Have I ever told you my own theory about the inverted perspective on happiness? It’s simple, and sounds eccentric only at first hearing. People my age, I suppose, are well acquainted with the empirical side of the matter, even if perhaps less inclined to generalise as generously as I do. Different people – different viewpoints, of course.
So, the basic (and so far only) law of my theory goes like this: “the worse, the better.” Which in practice means that the harder and more unbearable the trials life throws at us seem, the more beneficial they turn out to be in the end (provided, of course, one hasn’t given up in the meantime). Illnesses, divorces, loss of prestige and jobs, loves gone wrong, children who do whatever they want, a boundless world that seems to shower us every day with yet another catastrophe… Everything is not just for the good, but for the much better – one only needs to wait long enough to see through the murk.

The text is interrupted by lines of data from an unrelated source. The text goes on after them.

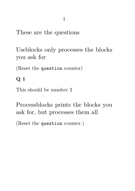 \setuppapersize[A7] \starttext \defineblock[question] \defineenumeration[Q][text=Q] \subject{These are the questions} \beginquestion[first] \Q This should be number 1 \endquestion \beginquestion[last] \Q This should be number 2 \endquestion \subject{Useblocks only processes the blocks you ask for} (Reset the \type{question} counter) \resetQ \useblocks[question][last] \subject{Processblocks prints the blocks you ask for, but processes them all} (Reset the \type{question} counter.) \resetQ \processblocks[question][last] \stoptext
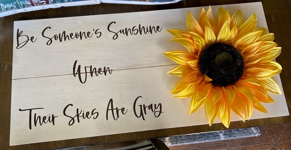 Homemade sign. "Be Someone's Sunshine When Their Skies Are Gray" Say thanks to your wife for letting you golf! Retail value: $75.
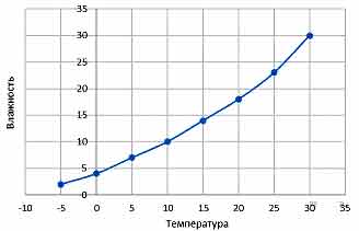На рисунке изображён график зависимости влажности воздуха (отложено по оси у) от температуры (отложено по оси х).
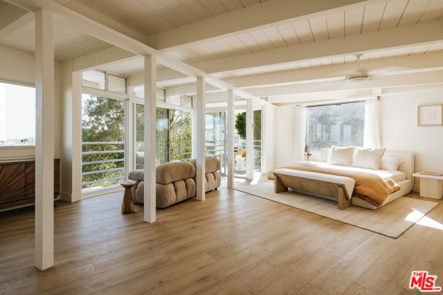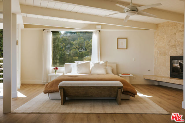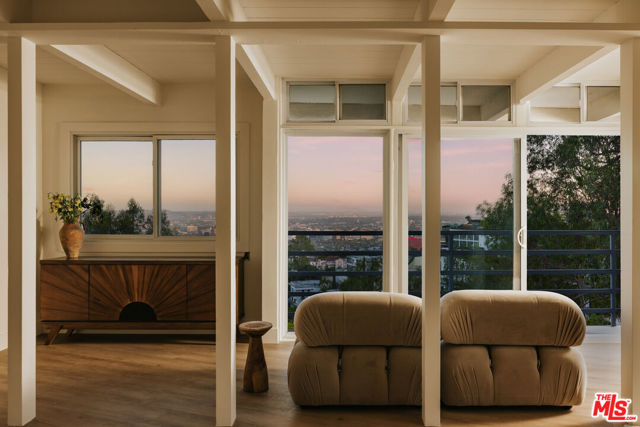 This isn't just another house, it's a statement. Perched above Sunset Boulevard in one of West Hollywood's most coveted enclaves, this iconic mid-century modern is privately tucked behind secure gates and redefines luxury living with razor-sharp architectural lines and cinematic views that sweep from Downtown to the Pacific Ocean. Step through sculptural stainless steel doors into a tranquil entry courtyard, setting the tone for the refined experience that awaits within. The moment you cross the threshold, floor-to-ceiling glass walls frame a sweeping panoramic canvas, stretching from the downtown skyline to the endless ocean horizon. Bathed in natural light, the great room flows with effortless sophistication, anchored by new hardwood floors, a striking fireplace, and expansive glass doors that dissolve the boundary between indoors and out. Step outside to an oversized deck that becomes your stage for unforgettable entertaining, from intimate cocktail hours to spontaneous dinner parties. Refined yet functional, the gourmet kitchen showcases textured quartz countertops and bespoke bar seating, complemented by handcrafted Zia tile and top-of-the-line appliances. Upstairs, the primary suite is enveloped in floor-to-ceiling glass walls, opening to a private corner balcony with captivating city views. A romantic fireplace adds warmth and ambiance, while the spa-inspired bath, with its steam shower, oversized soaking tub and dual walk-in closets, invites an unparalleled living experience. Two additional well-appointed bedrooms and a laundry area complete the top floor. The lower-level guest suite is a true sanctuary; a forest-ensconced retreat with a private entrance, awe-inspiring city vistas, and its own expansive deck, perfect as a creative studio, guest haven, or serene escape. Additional highlights include a terraced hillside dotted with citrus trees, a tranquil side patio crafted for utmost relaxation, and ample parking with a two-car garage plus carport. Where jet-set style meets California sophistication. Just moments from the city's most iconic shopping, dining and leisure, 8448 Franklin Ave offers unmatched privacy and sweeping perspectives in a world-class location. One you won't want to miss.

Of course, the world never, or almost never, gives us what we wish for; but if we have the patience and endurance to live to the moment when things fall into place, it always turns out that it has sent us exactly what we needed.

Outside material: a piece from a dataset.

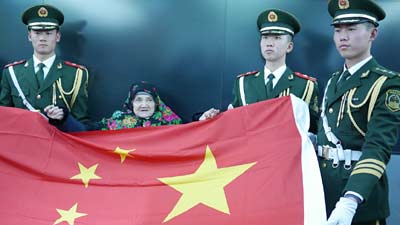 19日一早,冒着寒风,老人在亲友和工作人员的陪同下,瞻仰了毛主席易容,边抹泪边唱歌,不停地念叨,“伟大领袖带领我们过上好日子,他自己却不在了”。登上了天安门城楼之后,眺望广场,老人一下子从轮椅上站了起来,挥舞双臂,这是她激动时喜欢做的动作。

Empty talk? The ravings of someone without a care in the world? Theatre, monkey bait? Well, that’s up to you – judge as you will. I will still tell you how things go more or less in my own life and why I so stubbornly insist on seeing it as a continuous and steady ascent toward more and more happiness, more and more meaning, and more and more satisfaction (though the latter, I admit, comes to me only in moments like this one – quieter, later in the evening; otherwise, everyday life is running against the conveyor belt, like for everyone else, so usually there’s not much time left for satisfaction).

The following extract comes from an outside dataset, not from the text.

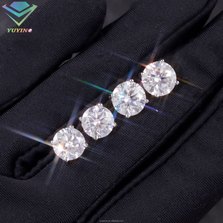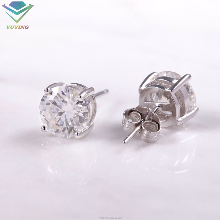 Nombre:Pendientes de mujer de joyería fina con moissanita redonda en oro blanco de 14 quilates

Now, let’s get to specifics. I won’t hide from you that the ability to see clearly – that is, to grasp this hopelessly optimistic theory – is connected to another ability that is rather rare; rare not because it is complex or highly intellectual, but simply because it involves the constant swallowing of the disheartening truth that the person you are is not exactly the person you wish to be – and that there’s nothing wrong, shameful, or painful about that. Our grandmothers knew it best of all: to be happy, a person must also be a little simple. Without that it won’t work – cleverness and ambition are twin sisters that cannot take a single step without each other, and once you let ambition off the leash, happiness is over, gone for good. That’s why the basic ability to accept your own simplicity, your own limitations and foolishness, is an absolutely unavoidable precondition for achieving happiness. You may have known this already – I’m saying it here only to explain the what and how.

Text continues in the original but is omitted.